▶ _TASK STATEMENT_: Go through the listing and set it down exactly, leaving out its pictures.

▶ _PROVIDED DATA_:
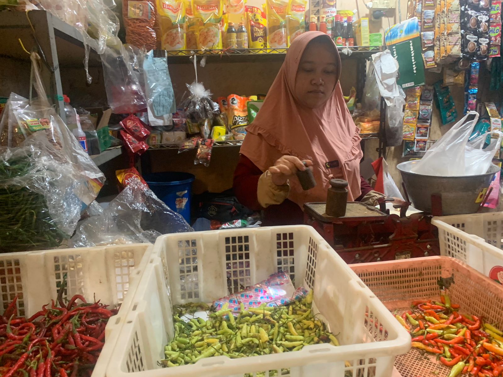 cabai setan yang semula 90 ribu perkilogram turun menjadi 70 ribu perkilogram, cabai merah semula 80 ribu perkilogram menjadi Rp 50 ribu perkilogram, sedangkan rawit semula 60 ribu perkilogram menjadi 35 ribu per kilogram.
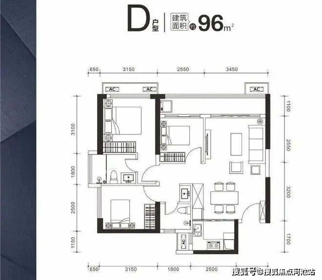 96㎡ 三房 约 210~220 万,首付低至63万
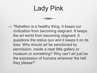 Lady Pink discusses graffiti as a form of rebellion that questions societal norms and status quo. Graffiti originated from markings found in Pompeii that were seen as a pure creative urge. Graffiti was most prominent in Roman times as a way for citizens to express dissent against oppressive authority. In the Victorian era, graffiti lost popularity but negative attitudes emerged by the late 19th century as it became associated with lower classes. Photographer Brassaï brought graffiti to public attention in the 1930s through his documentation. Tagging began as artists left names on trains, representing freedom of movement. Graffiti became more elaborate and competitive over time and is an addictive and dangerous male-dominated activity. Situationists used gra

▶ _EXPECTED ANSWER_:
 cabai setan yang semula 90 ribu perkilogram turun menjadi 70 ribu perkilogram, cabai merah semula 80 ribu perkilogram menjadi Rp 50 ribu perkilogram, sedangkan rawit semula 60 ribu perkilogram menjadi 35 ribu per kilogram.
 96㎡ 三房 约 210~220 万,首付低至63万
 Lady Pink discusses graffiti as a form of rebellion that questions societal norms and status quo. Graffiti originated from markings found in Pompeii that were seen as a pure creative urge. Graffiti was most prominent in Roman times as a way for citizens to express dissent against oppressive authority. In the Victorian era, graffiti lost popularity but negative attitudes emerged by the late 19th century as it became associated with lower classes. Photographer Brassaï brought graffiti to public attention in the 1930s through his documentation. Tagging began as artists left names on trains, representing freedom of movement. Graffiti became more elaborate and competitive over time and is an addictive and dangerous male-dominated activity. Situationists used gra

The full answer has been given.